In fact, there is a reason why young people are under too much pressure nowadays, and young people have to face all kinds of things to solve in the company when they go to work. <>
Netizens have sharedIf you can't do it well, you will be blamed by the leader, which will lead to excessive pressure and anxiety in the hearts of young people。Many mothers who take care of their children at home also have anxiety, and when they help their children with homework, they will ask their mothers if they don't know how to do it. The mother taught it once or twice, and if the child still can't, the mother will be angry, unable to control her temper, not only scolding the child, but also sometimes hitting the child.
Parents know it's wrong, but they just can't control their emotions. <>
The moment you find out that you are sick, after the incident, parents will also blame themselves, feeling that they are not a good mother and treat their children too harshly. But once the child makes a mistake, the mother immediately can't control her emotions, which makes people feel very irritable. She can't control her emotions, and sometimes it can affect others, giving people a sense of powerlessness.

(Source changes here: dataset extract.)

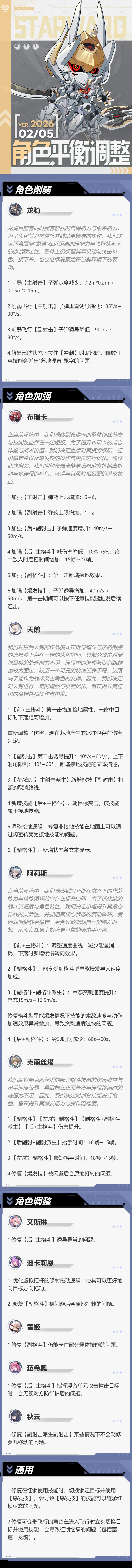 各位团长好,为了让团长们有更好的游戏体验,我们决定在2月5日游戏更新后对部分角色进行平衡调整,改动如下:

When some people face difficulties, they will show anxiety, they feel that they are so unlucky, and they let themselves encounter everything. <>
What pathological behaviors do they have? He looked at the matter with a pessimistic attitude, which led to anxiety in his own mood. In fact, in this society, no one's life is smooth sailing, and all kinds of things will be encountered, so at this time, we must relax our minds and face them with a positive attitude.
As long as you put your mind in place, the anxiety will slowly disappear, and you must believe that as long as you work hard, things will always be solved, and life will get better and better.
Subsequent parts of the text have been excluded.